GitHub is a remarkably popular platform for sharing and collaborating on code. At it’s core, GitHub acts as a Git server that lets you easily create upstream, bare repos. Recall that bare repos are repos that let you and your collaborators push to and pull from.
GitHub as a service has added a number of features on top of Git that enable quick and easy collaboration (forking and pull requests) as well as a conventional model for how to use the core feature of Git to propose and discuss changes.
The first step to getting started collaborating on a project that’s hosted on GitHub is to fork it. Forking a repo can be thought of cloning a repo, but it clones it from GitHub to GitHub instead of from GitHub to your laptop.
For the curious, forking is essentially the same as running
git clone --bare https://github.com/UPSTREAM/repo https://github.com/YOUR/repo
GitHub has a really nice writeup on how to fork a repo.
Once you’ve forked a project’s repository, the next step is to make a branch for adding your feature.
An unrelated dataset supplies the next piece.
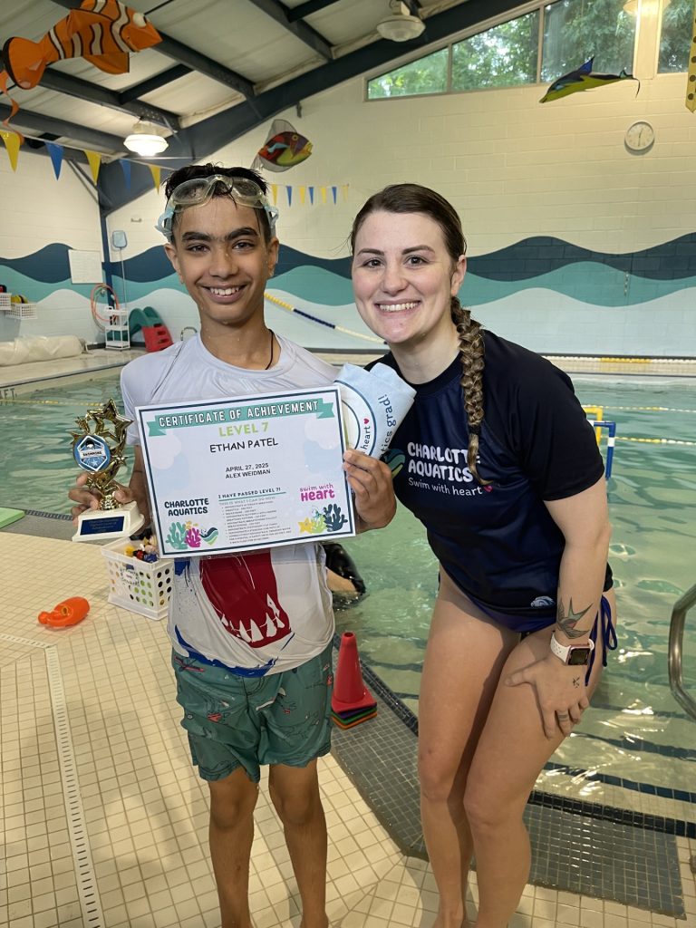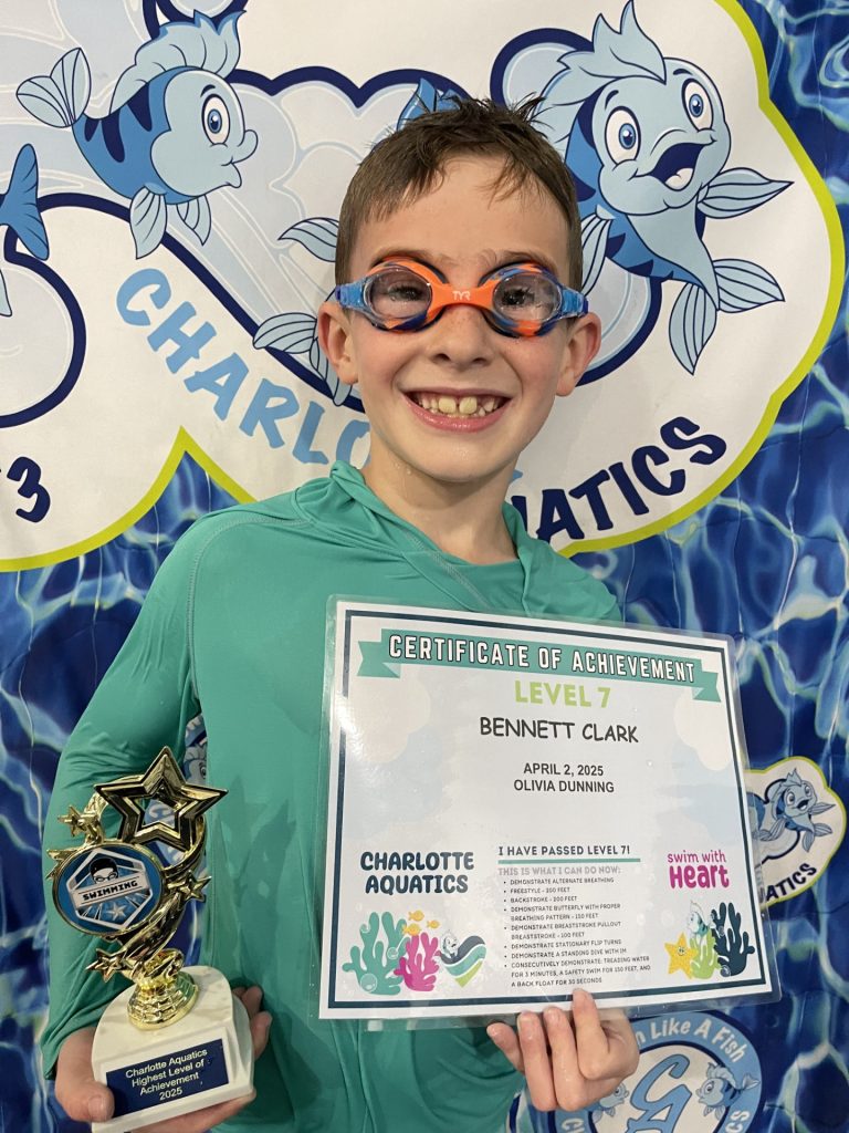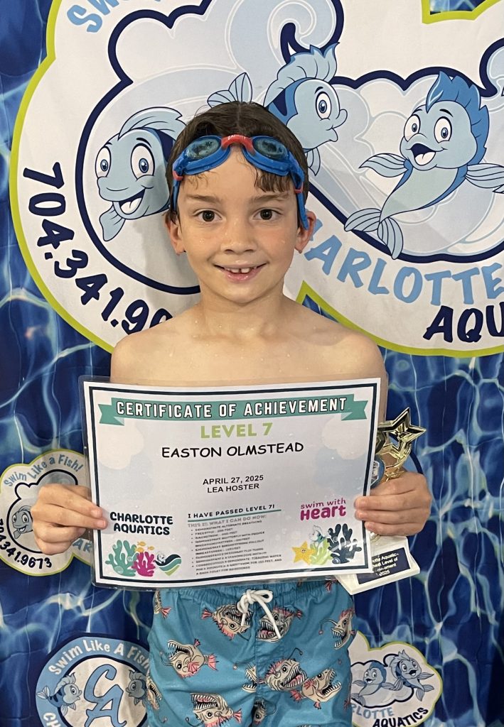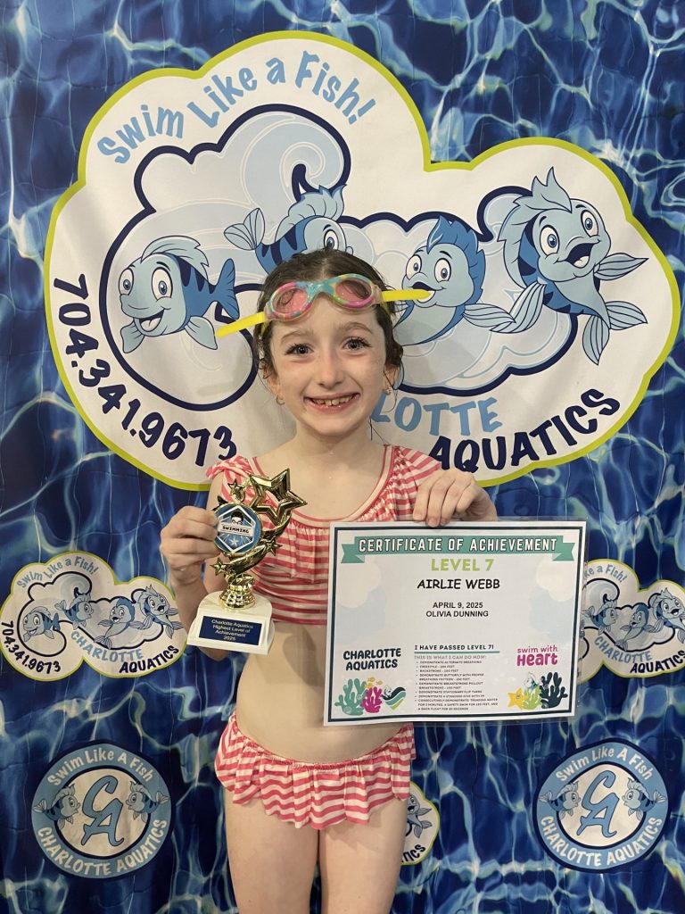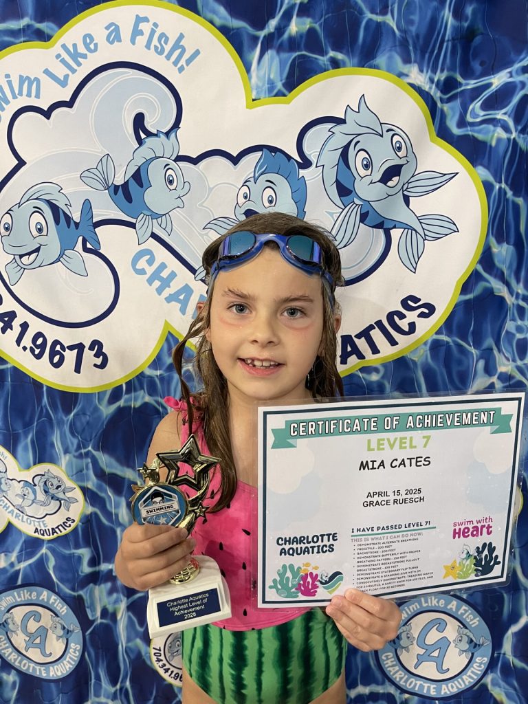 Welcome, Charlotte Aquatics family and proud parents, to a special edition of our swim blog that is sure to make waves of excitement! Today, we are thrilled to shine a spotlight on the rising stars of our aquatic community – the newest Level 7 Graduates! Our graduates are ready to share their tales – inspiring bios that showcase the transformation that happens when passion meets persistence in the shimmering embrace of the water.

We’ve discussed branches a little bit before. For those interested in really extending their knowledge of how Git works though, you should definitely check out Learn Git Branching.
GitHub markets this model as “the GitHub Flow”. There’s a nice visualization of how this works online.
The step to actually get people discussing or accepting your changes into a repo on GitHub is to make a pull request. This works by sending something of a notification that you’ve pushed code to your fork that you’d like the upstream repo to take a look at.
As you might expect, GitHub has a nice tutorial for how to make a Pull Request as well.